前言

这是 Scrapy 系列学习文章之一，本章主要介绍 Settings 的相关的内容；

本文为作者的原创作品，转载需注明出处；

简介

Scrapy settings 的设计目的就是允许你通过设置来自定义所有 Scrapy 组件的行为，包括 core、extensions、pipeline 以及 spiders 自身；

settings 的内部提供了一个全局的以 key-value mapping 为存储格式的的命名空间，相关代码可以从中获取相关配置属性；当然，填充 settings 的方式有很多种机制，后续会有介绍；

For a list of available built-in settings see: Built-in settings reference.

指定 settings

当你使用 Scrapy 的时候，你需要指定哪一个 Scrapy settings 是你期望使用的；你可以通过环境变量来设置，SCRAPY_SETTINGS_MODULE；并且注意的是SCRAPY_SETTINGS_MODULE所对应的值必须是在 Python 的 import search path 中的

填充 settings

填充 settings 的方式有多种，

Command line options (most precedence)
Settings per-spider
Project settings module
Default settings per-command
Default global settings (less precedence)

上面的配置的优先级是从上至下的；

Command line options

Arguments provided by the command line are the ones that take most precedence, overriding any other options.
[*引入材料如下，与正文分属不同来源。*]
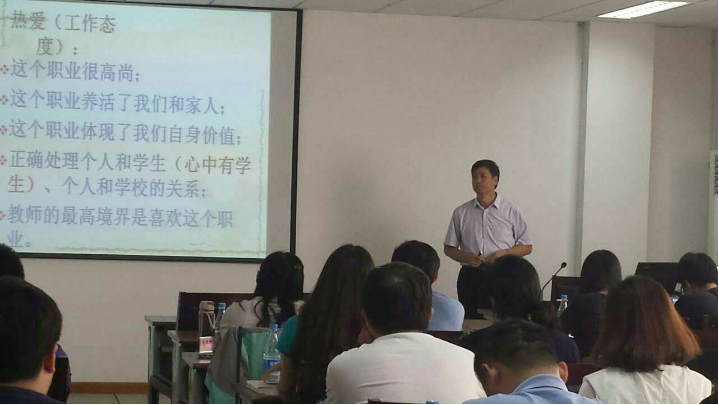 教师发展培训班”的七十余位新进教师做了《如何提高教学能力》的专题讲座和教学示范课。李朋忠老师结合自身经历、亲身体会阐述了“学生眼中的好老师是什么样的?”、“要做一个好老师应该做到什么?”等问题。他向青年教师们指出,要做一个好教师必须做到十二个字:热爱、明白、付出、个性、实话。不少青年教师认为,李朋忠老师的讲座深入浅出、语言生动,对他们尽快提高教学能力将会起到重要作用。
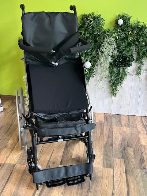 Grâce à son système de verticalisation intégré, ce fauteuil permet de passer facilement de la position assise à la position debout en toute sécurité et sans transfert.
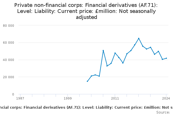 Download this time seriesPrivate non-financial corps: Financial derivatives (AF.71): Level: Liability: Current price: £million: Not seasonally adjusted
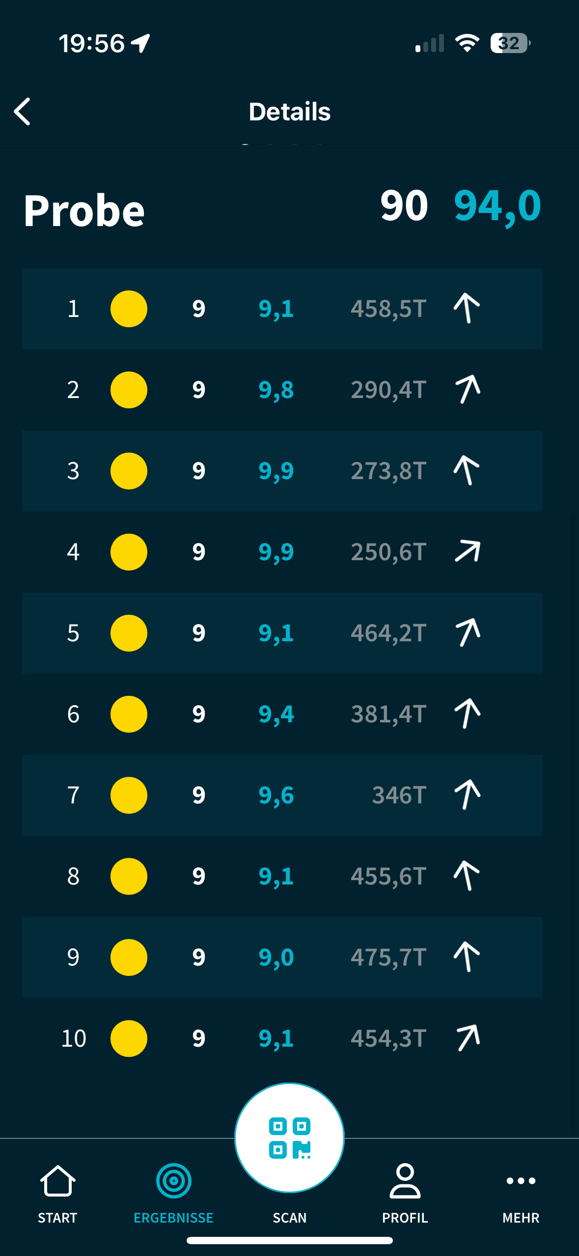Gute Leistung - aber schon bei 299 Ringen (ohne zehntel) kommst du mit viel Glück unter die ersten 10.
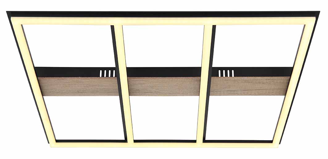Erleben Sie die raffinierte Kombination aus Metall und MDF-Holzoptik in der dunklen mattschwarzen Ausführung mit der modernen Deckenleuchte aus der FROOMY-Serie. Diese Lampe hat die Maße 600x600x55mm und eignet sich für größere Räume, während der opalartige Kunststoffschirm ein gleichmäßiges und gemütliches Licht verbreitet. Das integrierte LED sorgt für eine starke und dennoch energieeffiziente Helligkeit, mit 3600lm bei 3000K, steigend auf einen Spitzenwert von 4900lm für Orte, die mehr Licht benötigen. Die Deckenleuchte ist somit perfekt für alle, die nach einer Beleuchtungslösung suchen, die sowohl ästhetisch als auch praktisch ist.
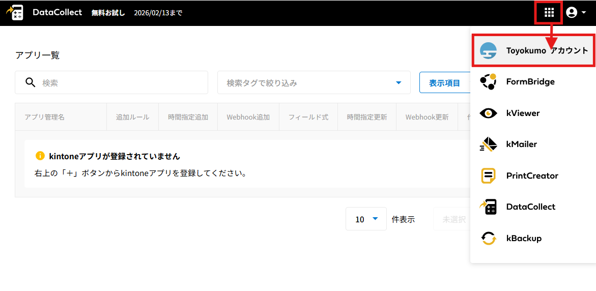 kintoneアプリの登録方法につきましては、kintoneアプリを登録するをご覧ください。
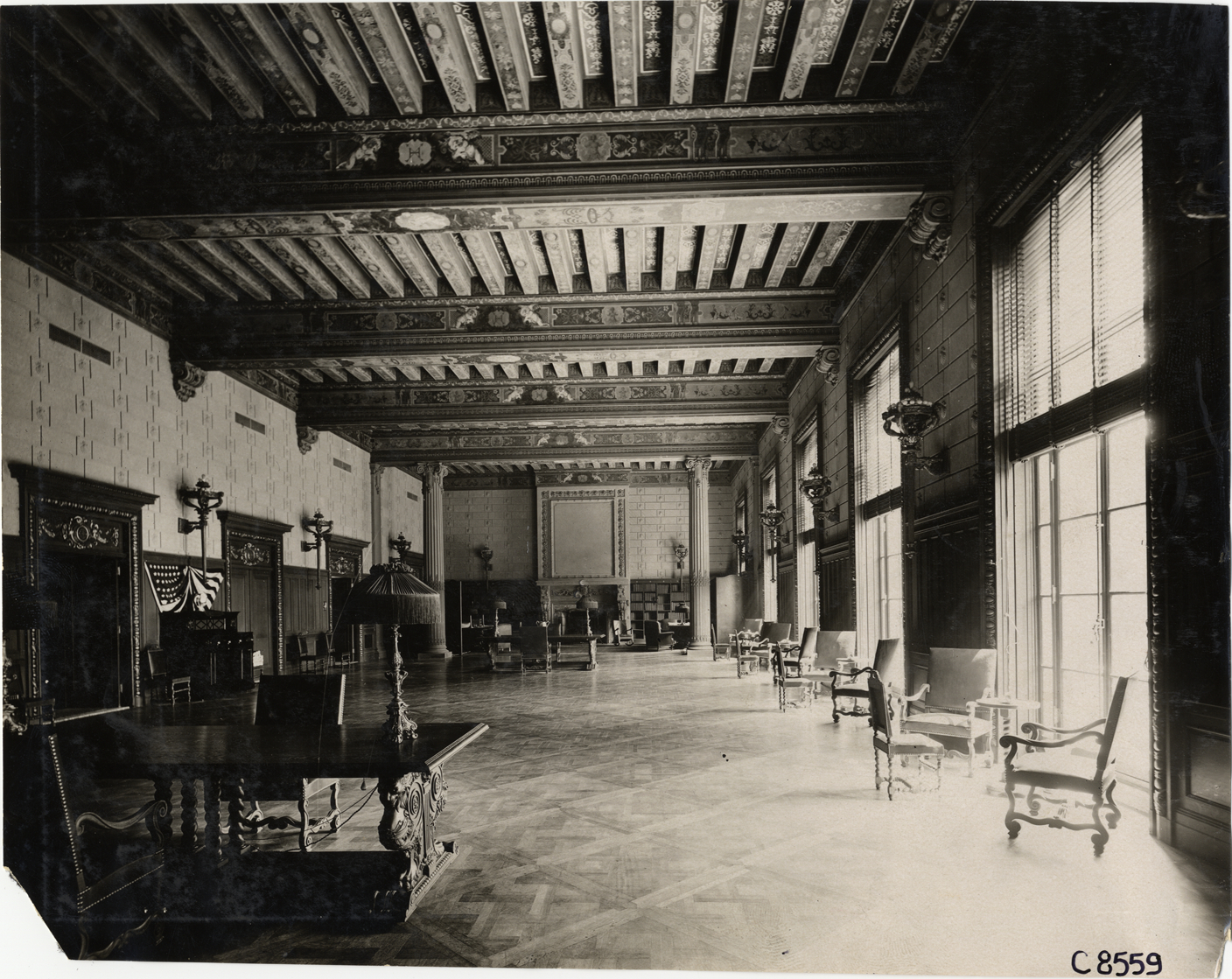 View of assembly hall in Automobile Club of America building. Room is furnished with tables, chairs and lamps. Decorated ceiling beams overhead; room has parquet floor. Handwritten on back: "Clubs-Automobile Club of America, interior, 1908."
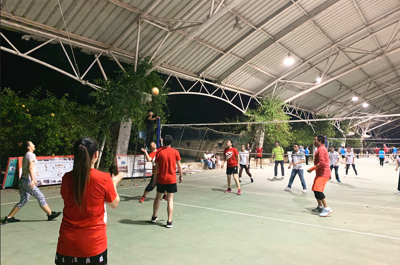 比赛开始之前,公司教职工早早来到球场,进行热身,熟悉球感,达到身体最佳状态。七点三十分整,第一场对战的是管理公司,随着裁判一声哨响,比赛正式开始。公司首发的几位老师以王翔书记为主力,展开了严密的防守。整场节目下来,挑、拨、截、扣教职工运用“十八般武艺”式接球法,引得在场观众拍手叫绝,在公司严密地防守和强势地进攻下,最终公司教职工排球队伍以2:0的优势取得了第一场比赛的胜利。
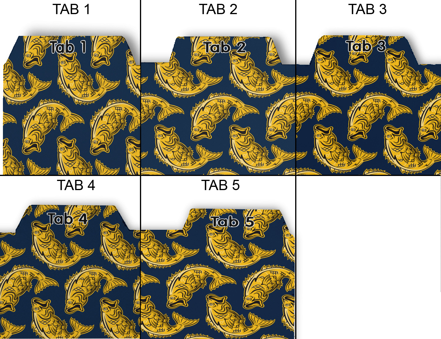 What better way to outfit your new custom personalized binder than a set of custom tab dividers? These can be made to compliment your binder design to take it to the next level!
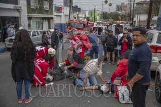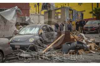 TIJUANA BAJA CALIFORNIA, 16MAYO2023.- Explosión en edificio deja 26 lesionados. Una fuerte explosión se registró esta mañana sobre la Avenida Camino Nuevo y calle 12 de la colonia Madero. El saldo extraoficial de heridos es de al menos 25 personas; 15 en condición verde, 6 en amarillo, tres en rojo y una persona atrapada en los escombros. 3 departamentos y 3 locales se vieron colapsos tras este incidente. Elementos del Cuerpo de Bomberos, Paramédicos de la Cruz Roja, Rescate y Protección Civil se encuentran en brindando atención a los heridos. Hasta el momento se desconoce el origen del siniestro, sin embargo se presume que podría tratarse de un acumulamiento de gas o vapores. FOTO: OMAR MARTÍNEZ /CUARTOSCURO.COM
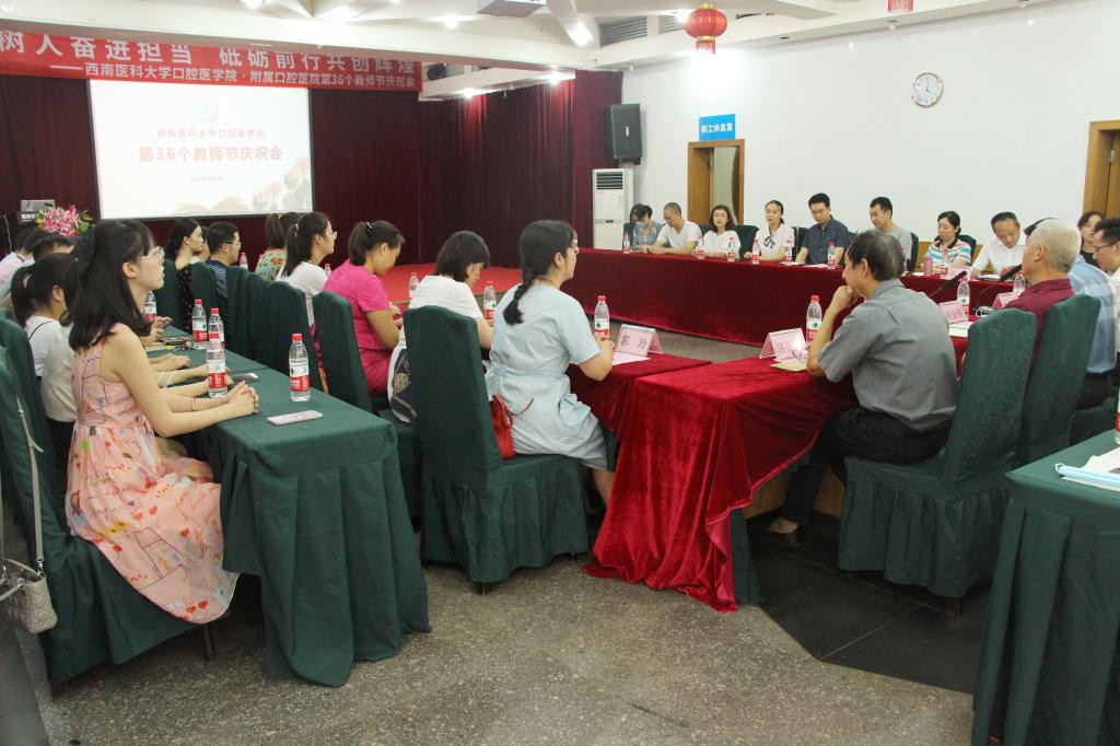 9月9日下午,附属口腔医院在附楼多功能厅召开第36个教师节庆祝大会。附属口腔医院院领导、部分退休院领导;职能部门负责人;各教研室主任、副主任、教学秘书;教龄30年以上的教师代表;学校2017-2020学年度教学名师、优秀教师、优秀教育工作者;第三届“良师挚友”获得者;附属口腔医院“翻转课堂”教学技能竞赛获奖者、部分学生代表参加庆祝会。会议由附属口腔医院党委副书记兼纪委书记王宏丽主持。

You can explicitly override one (or more) settings using the -s (or --set) command line option.

1	scrapy crawl myspider -s LOG_FILE=scrapy.log

Setting per-spider

Spiders (See the Spiders chapter for reference) can define their own settings that will take precedence and override the project ones. They can do so by setting their custom_settings attribute:

注意，在 spider 上的配置会覆盖 project 级别上的配置；

class MySpider(scrapy.Spider):
    name = 'myspider'

    custom_settings = {
        'SOME_SETTING': 'some value',
    }

这里不得不提笔者在前叙文章中所谈到的如何为不同的 Spider 定义不同的 Item Pipeline 例子；

Project settings module

The project settings module is the standard configuration file for your Scrapy project, it’s where most of your custom settings will be populated. For a standard Scrapy project, this means you’ll be adding or changing the settings in the settings.py file created for your project.
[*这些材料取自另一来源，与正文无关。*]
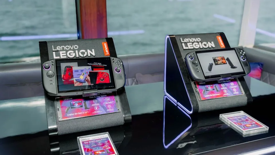 Dua unit Lenovo Legion Go 2 dipajang, menyoroti kecerahan layar PureSight OLED 144Hz dan controller TrueStrike yang dapat dilepas untuk mode FPS.
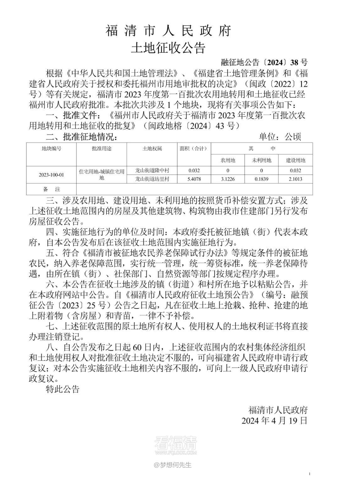 同意将福清市境内农用地3.1226公顷(其中耕地2.8873公顷)、未利用地0.1839公顷转为建设用地。征收福清市龙山街道坊里村水田2.8873公顷、其他农用地0.2353公顷、城镇村及工矿用地2.1013公顷、水域0.1839公顷,龙山街道隆中村城镇村及工矿用地0.0320公顷。合计征收集体所有土地5.4398公顷,按规划用途使用。
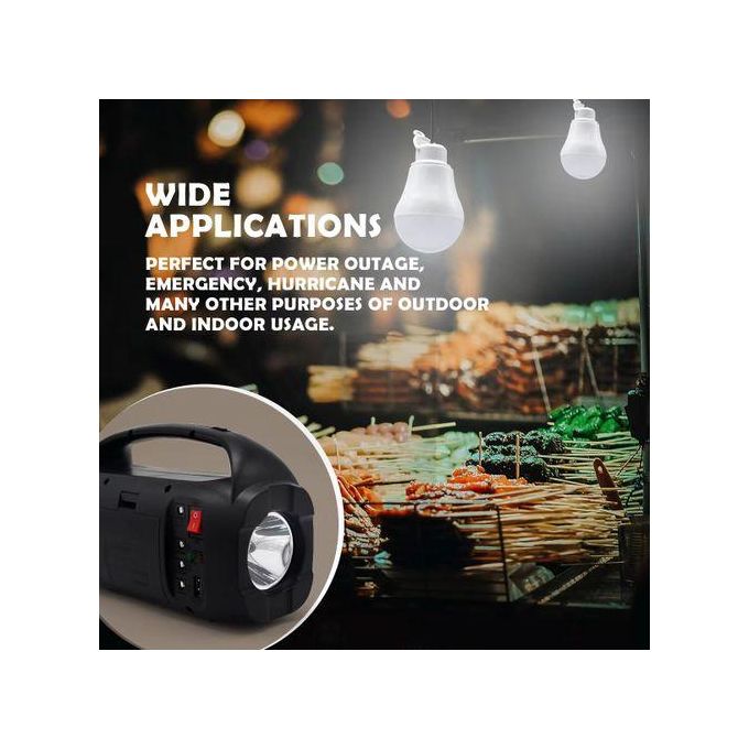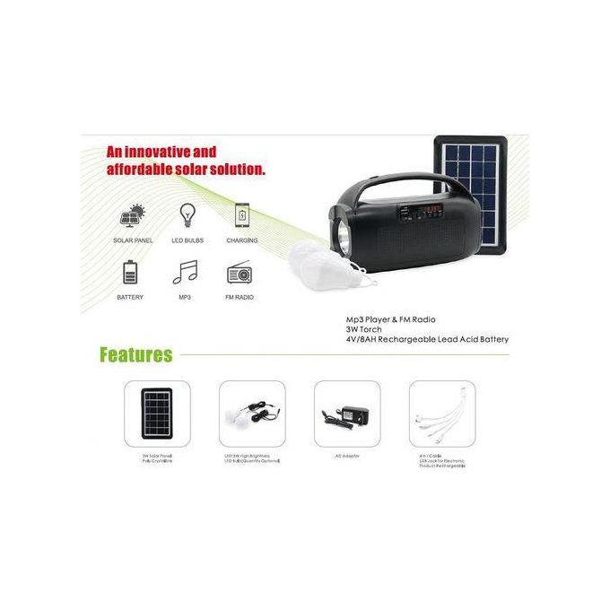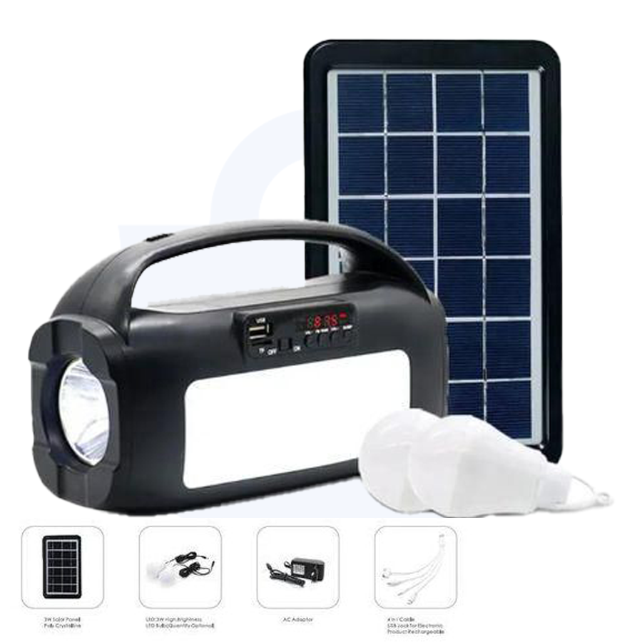 جهاز طاقة شمسية مع مصباحين ليد للإضاءة و مصباح كشاف أمامي و مصباح ليد جانبي مع لوحة طاقة شمسية
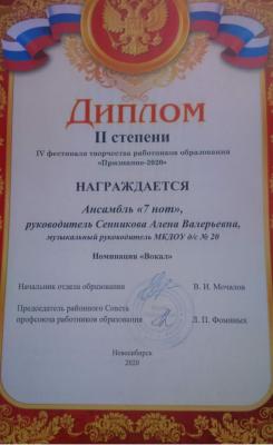 Воспитатели нашего детского сада приняли участие в IV фестивале творчества работников образовательных организаций Новосибирской области – членов Профсоюза «Признание-2020», посвященном 75-летию Победы в Великой Отечественной войне. Фестиваль проводился под девизом «Победа в сердцах поколений» и воспитатели нашего детского сада были награждены дипломом II степени в номинации «Вокал» за выступление в военной форме с песней «Девочки на войне» и стихотворением «Зинка».
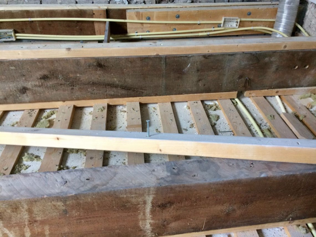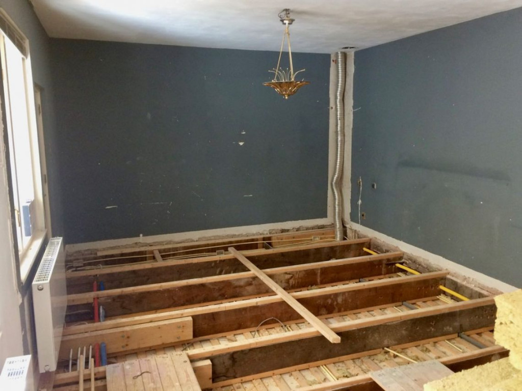 Voor de lunch had ik de laatste koperen en PVC leidingen uit de vloer verwijderd, en in de middag was ik al bezig met het verstevigen van de oude balklaag.

Default settings per-command

Each Scrapy tool command can have its own default settings, which override the global default settings. Those custom command settings are specified in the default_settings attribute of the command class.

Default global settings

The global defaults are located in the scrapy.settings.default_settings module and documented in the Built-in settings reference section.

访问 settings

In a spider, the settings are available through self.settings:

class MySpider(scrapy.Spider):
    name = 'myspider'
    start_urls = ['http://example.com']

    def parse(self, response):
        print("Existing settings: %s" % self.settings.attributes.keys())

注意，

The settings attribute is set in the base Spider class after the spider is initialized. If you want to use the settings before the initialization (e.g., in your spider’s __init__() method), you’ll need to override the from_crawler() method.
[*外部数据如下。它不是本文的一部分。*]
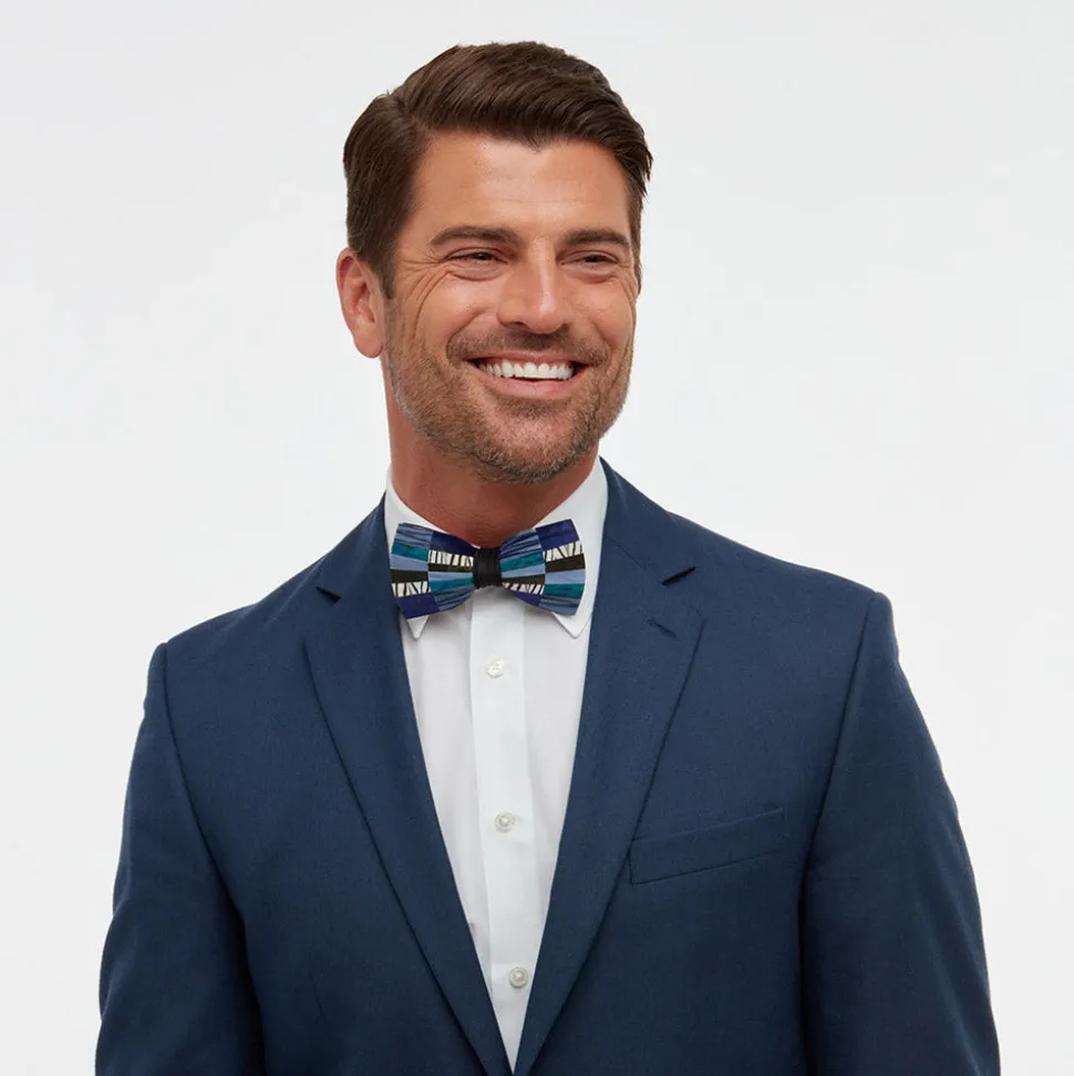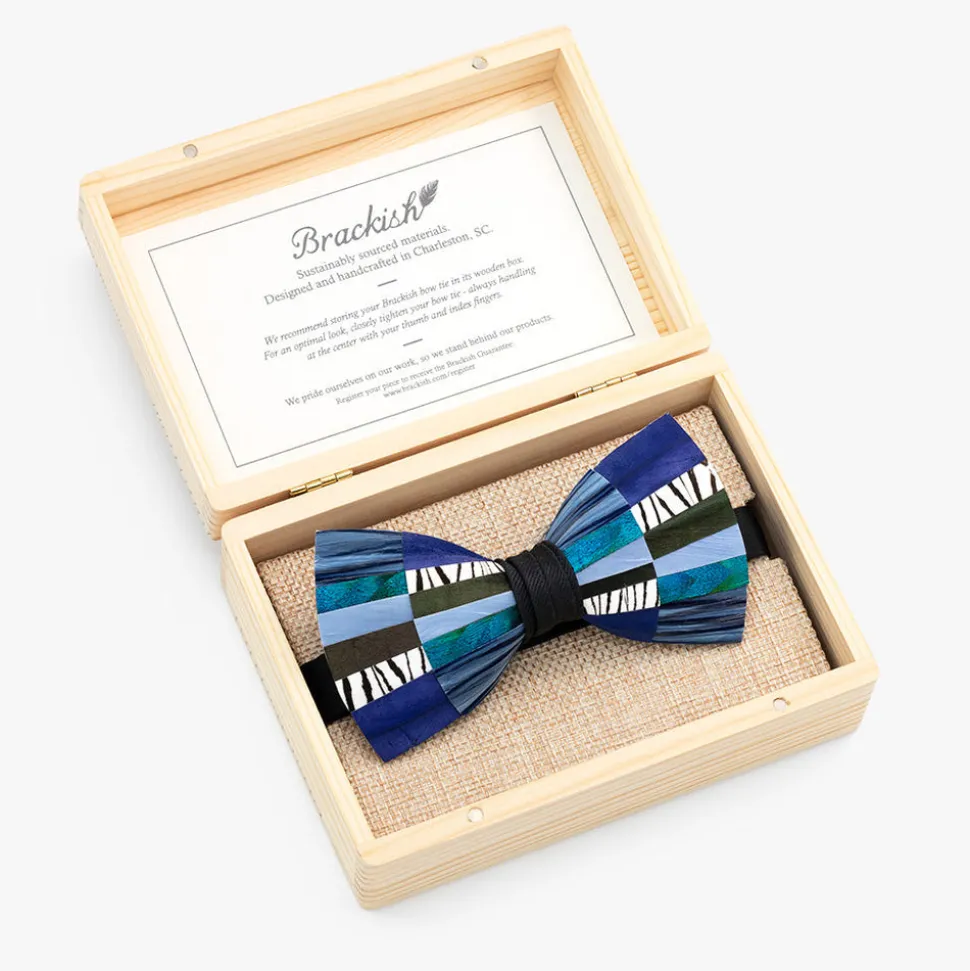 Brackish began with one feather bow tie designed by Ben Ross and gifted to his groomsman, Jeff Plotner. Since its inception, the brand has blossomed into a full line of men’s and women’s accessories designed and handcrafted in Charleston, South Carolina with each piece focused on honoring the beauty found in nature. The Tombstone Bow Tie is meticulously hand-laid, creating an intricate patchwork pattern in rich blues with pops of white showcasing the art of fashion in a detailed and elegant design.

settings 对象是在 spider 实例进行初始化以后在 base Spider 中设置的；如果你想要在实例化之前就想要访问相关的 settings，那么你必须覆盖 from_crawler() 方法；

Settings 可以在 extensions，middleware 和 item pipelines 中通过方法 from_crawler 中的参数对象 Crawler 进行访问；看一个 Extension 相关的例子，

class MyExtension(object):
    def __init__(self, log_is_enabled=False):
        if log_is_enabled:
            print("log is enabled!")

    @classmethod
    def from_crawler(cls, crawler):
        settings = crawler.settings
        return cls(settings.getbool('LOG_ENABLED'))

设置合理的 setting 名字

Setting names are usually prefixed with the component that they configure. For example, proper setting names for a fictional robots.txt extension would be ROBOTSTXT_ENABLED, ROBOTSTXT_OBEY, ROBOTSTXT_CACHEDIR, etc.

通常，一个合理的 setting 的名字需要有一个与模块相关的前缀名称；

内置 settings 属性

非常多的内置配置属性，笔者这里不一一列举，针对一些核心的配置项进行专门描述

AWS_ACCESS_KEY_ID

AWS_SECRET_ACCESS_KEY

BOT_NAME

Default: 'scrapybot'

The name of the bot implemented by this Scrapy project (also known as the project name). This will be used to construct the User-Agent by default, and also for logging.

一般而言就是你的项目工程的名字；

CONCURRENT_ITEMS

Default: 100

同时可以通过 Item Pipeline 并发处理的最大的 Items 的数量；

CONCURRENT_REQUESTS

Default: 16

能够被 scrapy downloader 同时并发处理的最大的 requests 数量；

CONCURRENT_REQUESTS_PER_DOMAIN

Default: 8

The maximum number of concurrent (ie. simultaneous) requests that will be performed to any single domain.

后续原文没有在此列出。